== TASK REQUIREMENTS ==
From the listing below, pick out each line with the word "living".

== DATA UNDER STUDY ==

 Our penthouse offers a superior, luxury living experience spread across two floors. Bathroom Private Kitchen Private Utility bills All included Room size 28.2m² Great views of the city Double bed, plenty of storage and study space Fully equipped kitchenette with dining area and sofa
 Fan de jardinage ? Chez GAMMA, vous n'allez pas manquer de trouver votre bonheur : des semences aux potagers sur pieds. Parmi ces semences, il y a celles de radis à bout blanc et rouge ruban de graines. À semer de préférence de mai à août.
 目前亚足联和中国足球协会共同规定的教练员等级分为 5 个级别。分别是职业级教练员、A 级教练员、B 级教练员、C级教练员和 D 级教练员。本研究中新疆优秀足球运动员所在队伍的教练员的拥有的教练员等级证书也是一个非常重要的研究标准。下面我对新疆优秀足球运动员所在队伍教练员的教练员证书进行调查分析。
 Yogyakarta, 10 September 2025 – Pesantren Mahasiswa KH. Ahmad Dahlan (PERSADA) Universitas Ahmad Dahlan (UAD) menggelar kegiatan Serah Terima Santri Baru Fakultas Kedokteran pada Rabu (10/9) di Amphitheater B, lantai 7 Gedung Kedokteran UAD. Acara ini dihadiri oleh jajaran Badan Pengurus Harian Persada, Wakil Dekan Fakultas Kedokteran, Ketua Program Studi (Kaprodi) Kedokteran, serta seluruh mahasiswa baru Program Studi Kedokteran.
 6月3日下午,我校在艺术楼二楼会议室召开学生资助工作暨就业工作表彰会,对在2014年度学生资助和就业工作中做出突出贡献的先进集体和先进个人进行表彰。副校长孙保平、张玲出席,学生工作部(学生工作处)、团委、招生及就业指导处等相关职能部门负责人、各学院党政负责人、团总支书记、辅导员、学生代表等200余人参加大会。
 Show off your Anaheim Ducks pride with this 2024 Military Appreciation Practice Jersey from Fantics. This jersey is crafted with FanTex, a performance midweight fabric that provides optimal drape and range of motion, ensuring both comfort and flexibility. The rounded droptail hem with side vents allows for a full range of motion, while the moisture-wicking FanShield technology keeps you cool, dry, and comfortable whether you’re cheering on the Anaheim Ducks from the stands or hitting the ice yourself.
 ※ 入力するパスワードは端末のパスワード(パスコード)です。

--

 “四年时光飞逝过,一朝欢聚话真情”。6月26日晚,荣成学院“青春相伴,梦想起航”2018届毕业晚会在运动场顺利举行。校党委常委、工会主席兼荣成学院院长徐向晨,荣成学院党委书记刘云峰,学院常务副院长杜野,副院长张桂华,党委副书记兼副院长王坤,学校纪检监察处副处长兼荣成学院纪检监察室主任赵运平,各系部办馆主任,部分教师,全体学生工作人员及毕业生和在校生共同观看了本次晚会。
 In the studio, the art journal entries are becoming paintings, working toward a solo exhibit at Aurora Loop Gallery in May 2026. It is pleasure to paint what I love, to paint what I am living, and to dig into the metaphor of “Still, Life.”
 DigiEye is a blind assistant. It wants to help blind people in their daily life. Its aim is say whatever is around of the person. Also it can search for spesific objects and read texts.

== ANSWER SECTION ==
 Our penthouse offers a superior, luxury living experience spread across two floors. Bathroom Private Kitchen Private Utility bills All included Room size 28.2m² Great views of the city Double bed, plenty of storage and study space Fully equipped kitchenette with dining area and sofa
 In the studio, the art journal entries are becoming paintings, working toward a solo exhibit at Aurora Loop Gallery in May 2026. It is pleasure to paint what I love, to paint what I am living, and to dig into the metaphor of “Still, Life.”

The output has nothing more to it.